9. Andy Serkis for Best Supporting Actor (The Hobbit)

Like most of America, I haven’t seen The Hobbit yet, but based on the trailers and reviews, Serkis looks to be playing the same Gollum we all know and love.  For me, the routine snubbing of Andy Serkis is a crime against humanity, as his Gollum is one of the most immersive performances in the history of cinema. For those who think it’s just voice acting, I implore you to watch the behind-the-scenes footage of Serkis acting as Gollum. It’s highly enlightening.

Also, yes, I have watched all of the LOTR special features. My name is Nico, and I am a nerd.

10. Anne Hathaway for Best Supporting Actress (The Dark Knight Rises)

Whether you like her or not, Anne Hathaway WILL win Best Supporting Actress this year, but in my opinion, it’ll be for the wrong movie. I was one of those people who hated The Dark Knight Rises with a passion unknown outside of Spanish soap operas (come at me, internet), but Nolan’s confused ode to the 1% didn’t stop me from utterly adoring Anne Hathaway in it. Her Catwoman was funny, sexy, smart, cunning and everything I could have possibly hoped for. For me, the confrontation between Catwoman and Bruce Wayne while dancing was the absolute centerpiece of the film.

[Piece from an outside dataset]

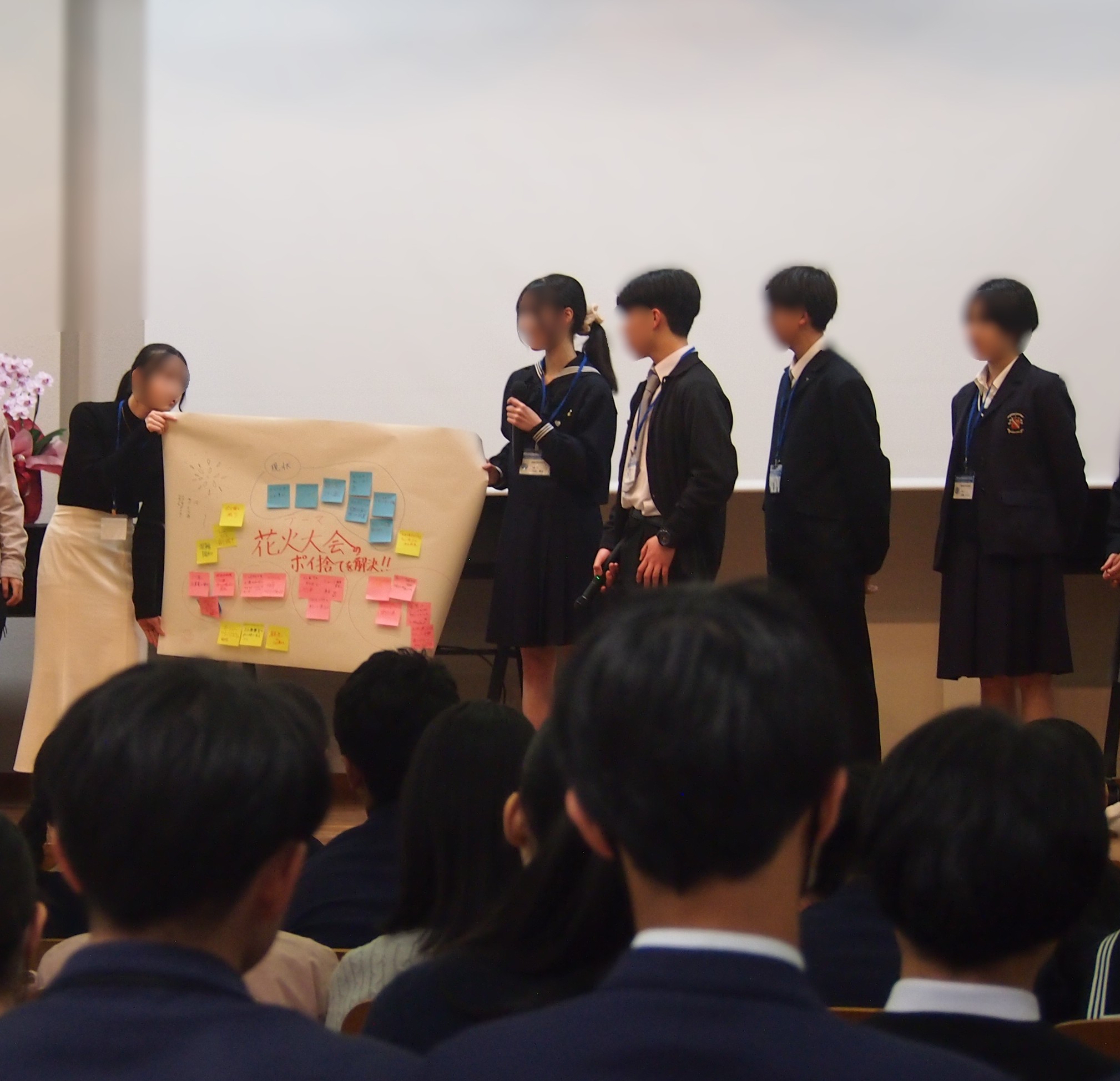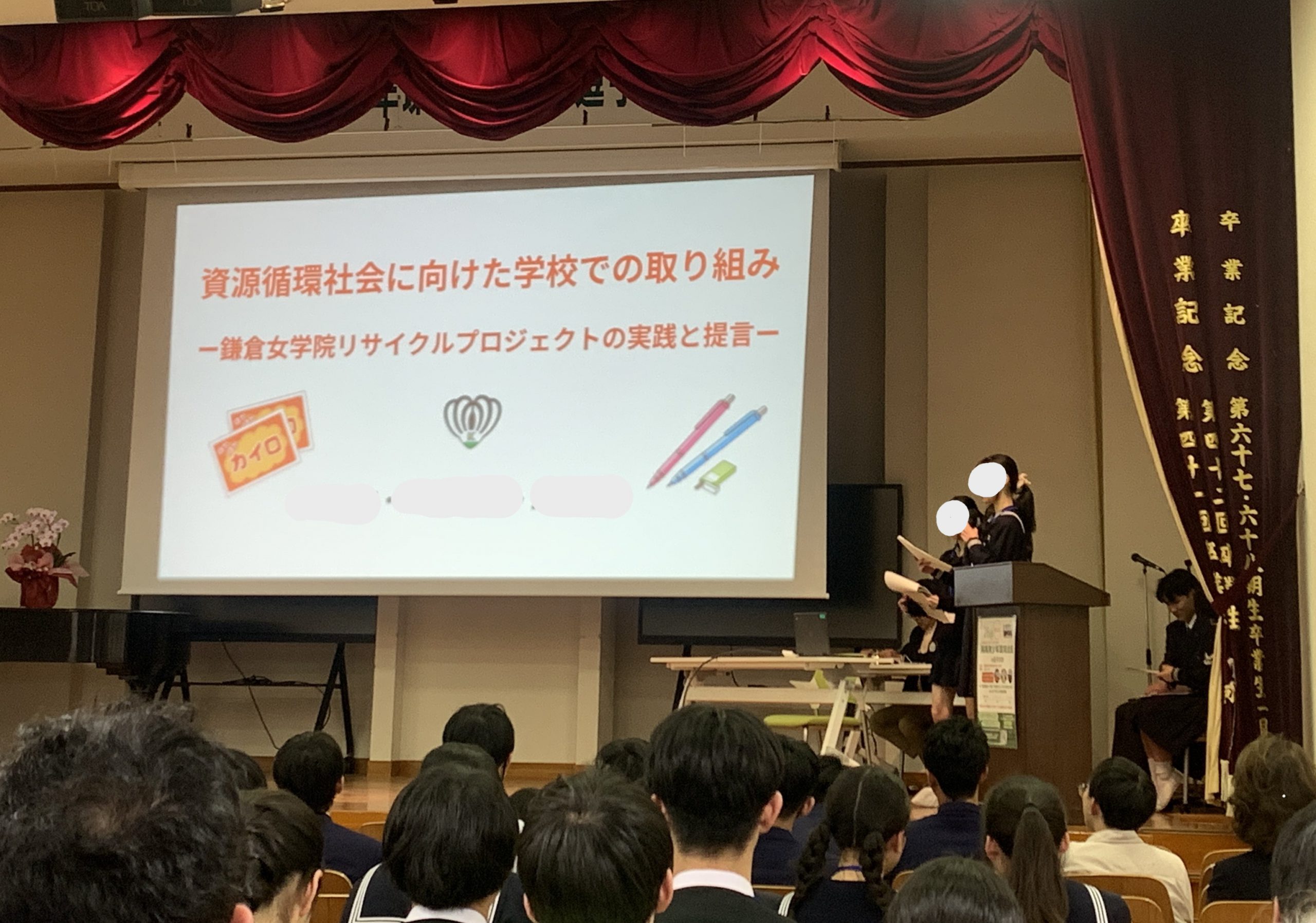 本校チームは、これまで取り組んできたカイロやペンのリサイクル活動の報告や推し活での大量消費に対する問題提起や今後についての提言を行いました。

To me, it says something about the success of a performance that it makes someone stick around for two and a half hours of something they hated. Now, if only it had been called Catwoman and done away with that Bane person, THAT would have been a great movie.

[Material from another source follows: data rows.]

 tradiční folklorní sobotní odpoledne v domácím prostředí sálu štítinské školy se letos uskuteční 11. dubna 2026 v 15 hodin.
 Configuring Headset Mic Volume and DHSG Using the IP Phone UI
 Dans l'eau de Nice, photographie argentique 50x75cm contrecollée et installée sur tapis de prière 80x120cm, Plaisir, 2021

11. Dwight Henry for Best Supporting Actor (Beasts of the Southern Wild)

Preteen acting phenom Quvenzhane Wallis (who plays Hushpuppy in the film) is rightly sucking up all the awards oxygen on this beyotch — and rightly so. She gives what is, beyond a doubt, the most astounding child performance in the history of film. If she gets left off the ballot, I’m leaving a horse head in Seth MacFarlane’s bed. However, I’d also love to see a little sugar be lent to Dwight Henry, a non-actor and New Orleans native hired just for the film. Henry’s an incredible find. You can tell he’s never acted before, and instead of being a handicap (see: Norah Jones in My Blueberry Nights), it helps give this one-of-a-kind film the emotional immediacy the subject deserves.

12. Leslie Mann for Best Supporting Actress (This Is 40)

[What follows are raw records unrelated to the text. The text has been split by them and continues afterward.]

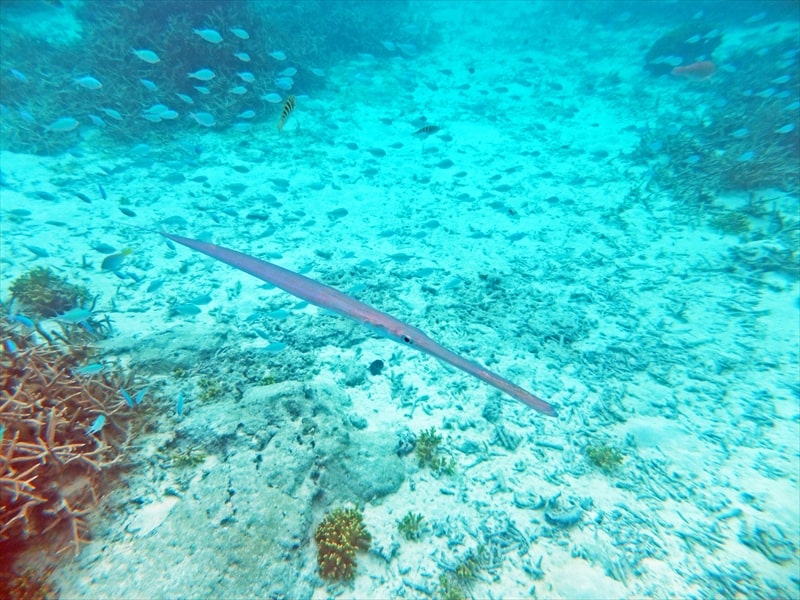 魚の群れもとても多いですし、大きなダツの泳ぐ姿を楽しむことができます。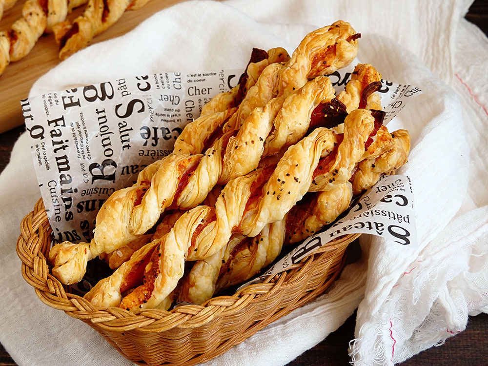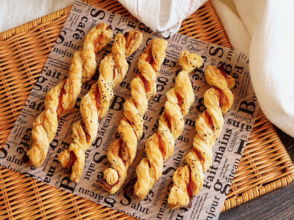 ベーコンの塩味とブラックペッパーのピリッと効いた味わいが、お酒にぴったりなおつまみティックパイです。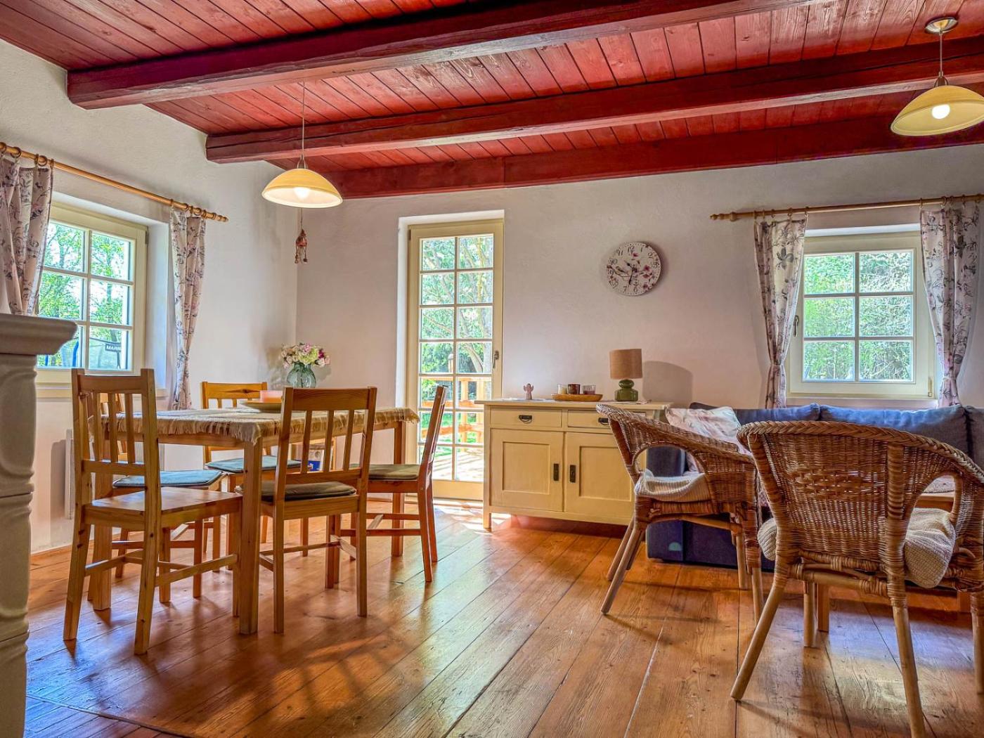The holiday home features 2 bedrooms, 1 bathroom, bed linen, towels, a flat-screen TV with satellite channels, a dining area, a fully equipped kitchen, and a terrace with garden views. The parquet floors, fireplace and peaceful vibe add to the ambience of the room. The property has an outdoor dining area.

Because this isn’t in the theatres yet, I haven’t gotten to see it. However, I felt that Mann was grossly overlooked for her performance in Knocked Up (despite picking up some critics’ prizes). In This Is 40, she reprises the same character, so the Oscars will have a chance to snub her again. Despite being a lead in the film, there’s no way Mann could get nominated in Actress this year (and they hate comic performances in that category, anyway). But with the right campaigning, she could sneak into the Supporting race — in a perfect world where everyone can get married, unicorns can vote, Helen Hunt is dead and Naomi Watts has a million Oscars. File this one as my Hail Mary of an Oscar wish.

Special Mention: Jennifer Lawrence for Best Actress (The Hunger Games)

I would have also liked to see Jennifer Lawrence get some awards love for kicking ass in the year’s third biggest movie but a) the first half of that movie is basically Winter’s Bone, which she already got nominated for and b) she’s on that Silver Linings’ Playbook train and might win for it. Either way, I’m rooting for her.